Finally, we hope our observations implicating CNV in this unique case series of EqSCM will stimulate further studies of copy number variation in other SCM cohorts, and lead to an improved understanding of this perplexing and intriguing condition.
Material and Methods
Cases
The September 2010 earthquake of magnitude 7.1 on the Richter scale (Mw 7.1) in Christchurch (New Zealand) triggered eight cases of EqSCM, and the shallow highly destructive quake (Mw 6.3) that followed in February 2011 triggered 21 cases over four days. One woman presented after both quakes22, and one was in hospital during the initial quake. Enrolment of this latter participant was delayed, and her sample was available for aCGH analysis (n = 28) but not for Cardio-Metabolome analysis (n = 27). The steps leading to recruitment of our EqSCM cohort are detailed elsewhere20,21, but briefly, our study commenced the day of the first earthquake with the creation of a register of prospectively identified earthquake stress cardiomyopathy cases. As our hospital was still functioning we could build a cohort with first-world data from complete single centre capture. After the second earthquake the study was extended20–22.
Inclusion criteria: i) Meeting modified Mayo criteria for stress cardiomyopathy and admitted to Christchurch Hospital within one week of either the September 2010 or February 2011 earthquake; ii) age over 18; iii) informed consent given. Exclusion criteria: i) unable to understand English sufficiently to be able to complete questionnaires.
All participants were recruited with informed consent, including discussion of the possibility of incidental findings from genetic analyses, and return of such findings after consultation with a medical geneticist. The Southern Health and Disability Ethics Committee (New Zealand) approved this study (reference URA/11/07/033). All methods used in this research were performed in accordance with the relevant guidelines and regulations.
DNA extraction
Peripheral blood samples were obtained from consenting participants. Genomic DNA was extracted from 3 mL peripheral blood using NucleoMag extraction kits (Machery-Nagel GmbH, Düren, Germany) on a KingFisher™ Flex Magnetic liquid-handling robot (Thermo Fisher Scientific, Inc, Waltham, MA). DNA was quantified by analysis with the NanodropTM (ThermoFisher), and, where appropriate, the Tapestation 4200 system (Agilent Technologies).
Exome analysis
We applied WES to a subset (24 of 28) EqSCM cases. The exome capture and sequencing was carried out in two batches of 12, during 2012–13 (New Zealand Genomics Limited, Dunedin, New Zealand). DNA was processed with Illumina TruSeq sample preparation and exome enrichment kits (which capture ~62 Mb of genomic DNA), and sequencing (100 bp paired-end reads) was carried out on an Illumina HiSeq. 2000 system. Good quality sequence was obtained across all exomes, with very few unassigned reads. Raw read data were aligned to the GRCh37 human reference genome using the Burrows-Wheeler Aligner (BWA)124, and processed through the Broad GATK pipeline125. The alignment process included removal of reads from duplicate fragments, realignment around known indels, and recalibration of all base quality scores. Read depth and coverage for all exome datasets were derived using Picard CollectHsMetrics function. On average, 22.7 million reads (range 16.9–30.7 M) at mean quality scores (Phred) of Q37 were mapped to the exome target intervals; 70% (range 61–77%) of targeted bases were covered at least 20-fold. Full metrics for each sample are provided in Supplementary Table S2.

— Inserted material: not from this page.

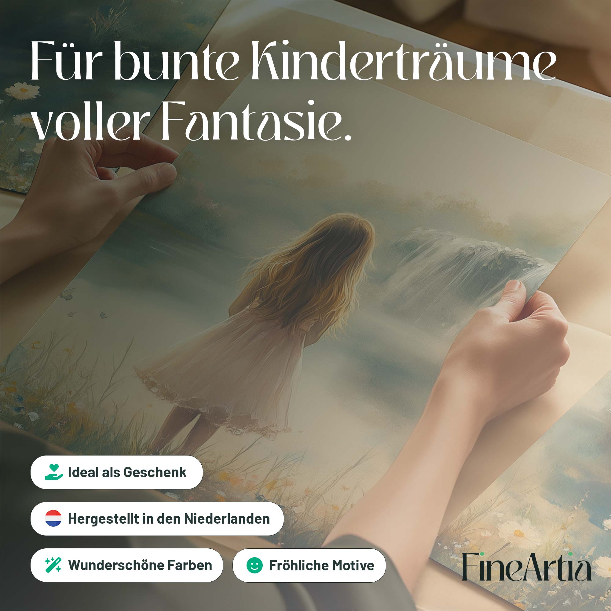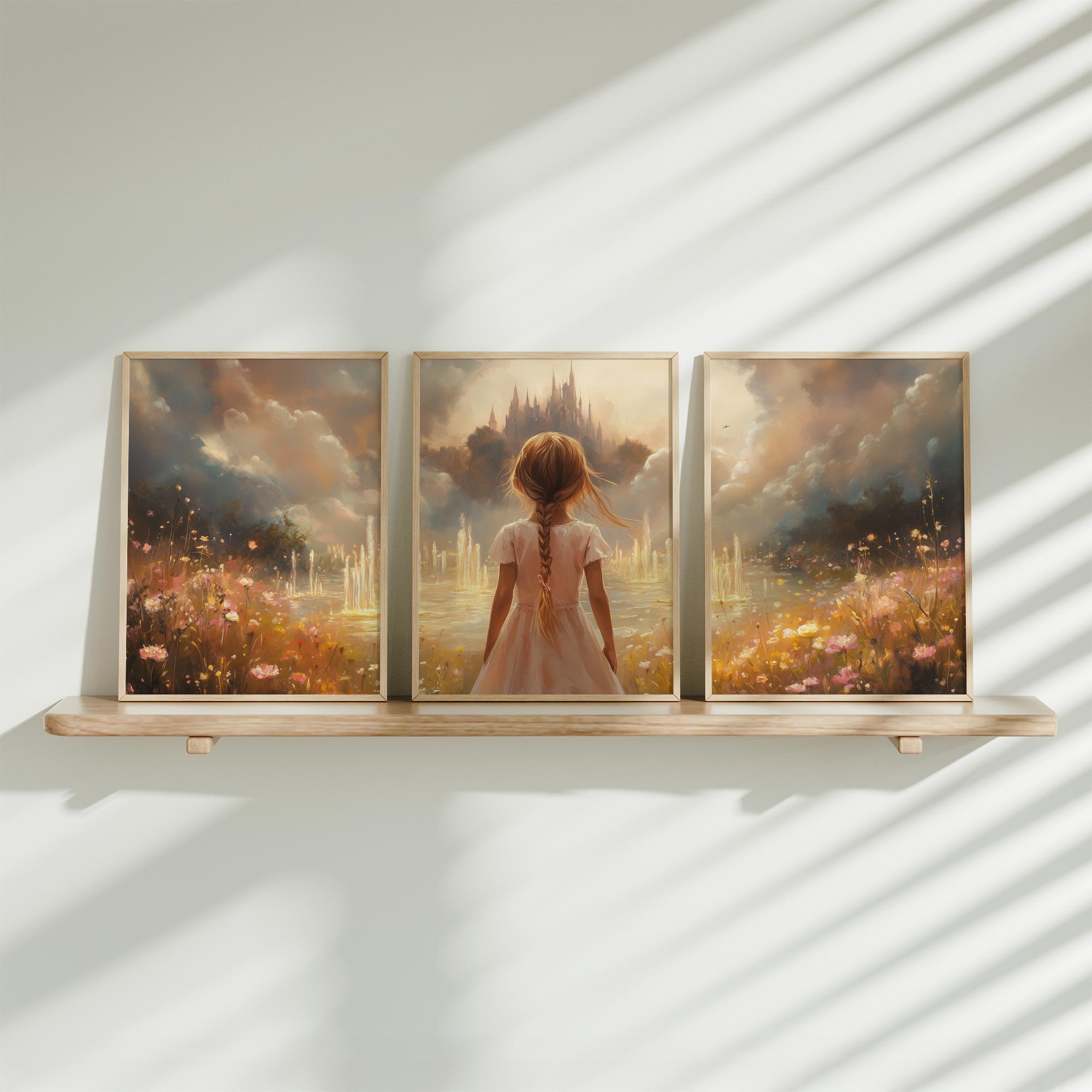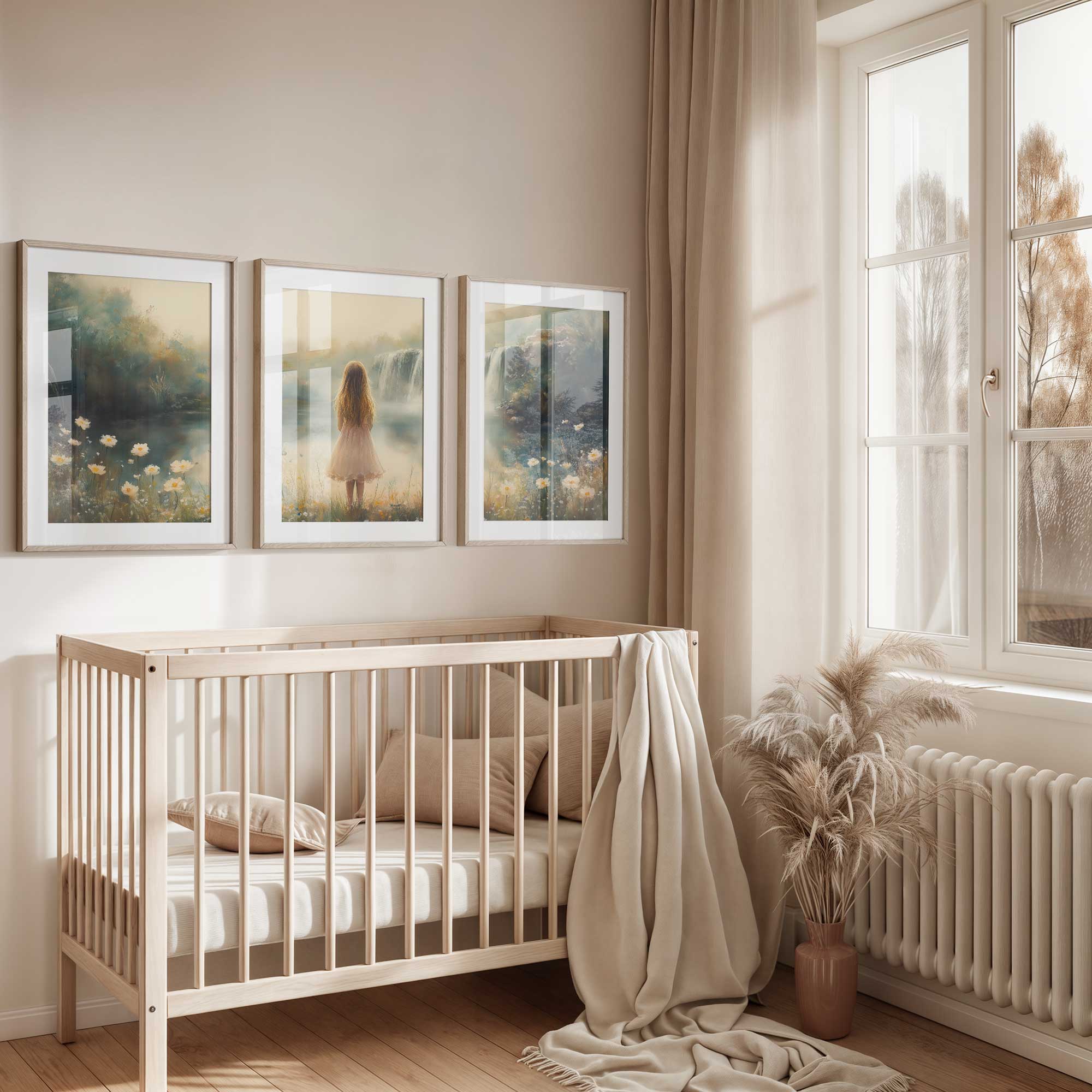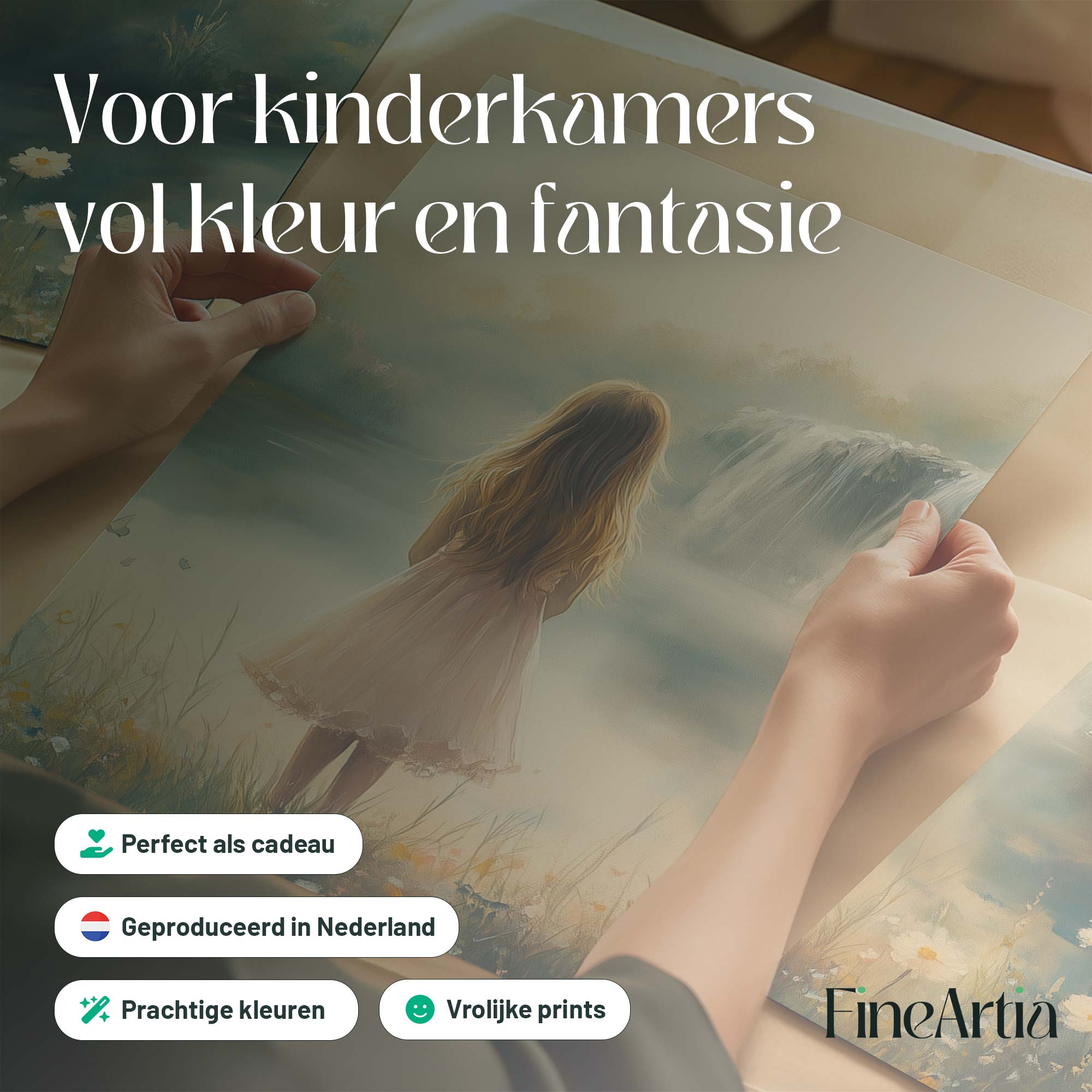 Magisch Meisje in Pastel Bloemenveld bij Waterval

Joint variant calling was performed with GATK’s HaplotypeCaller. This included de novo assembly at each potential variant locus. Variants were annotated and analysed using Ingenuity Variant Analysis (IVA) software (QIAGEN, Redwood City, CA, USA), MutationTaster259, SnpEff58, SeattleSeq annotation server53, and Galaxy (via usegalaxy.org)126. Allele frequencies and additional annotations were drawn from 1000 Genomes project127, NHLBI GO Exome Sequencing Project (ESP), Seattle, WA (http://evs.gs.washington.edu/EVS/), ClinVar128, and Exome Aggregation Consortium (ExAC), Cambridge, MA (http://exac.broadinstitute.org). Promising gene variants were inspected by Sanger sequence analysis on the appropriate genomic DNA samples.
Cardio-MetaboChip Analysis
Three groups were genotyped using the Illumina Cardio-MetaboChip: 27 out of 28 female Christchurch EqSCM cases, plus an opportunistic control set consisting of 133 heart-healthy controls from the Canterbury Healthy Volunteers Study (HVOLs, 54 F/79 M), and 157 patients recruited for an ongoing study of premature coronary heart disease and consented for genotyping (CHD, 64 F/93 M). The heart-healthy controls were a subset of the Canterbury Healthy Volunteers Cohort (total n > 3,400), who were randomly selected from Canterbury electoral rolls, age- and gender-matched to existing patient cohorts and had no personal history of diagnosed cardiovascular disease at the time of recruitment129. (See supplementary information for more details). DNA samples were run on the Cardio-MetaboChip and scanned on the Illumina® iScan platform by AgResearch Limited (Invermay, New Zealand).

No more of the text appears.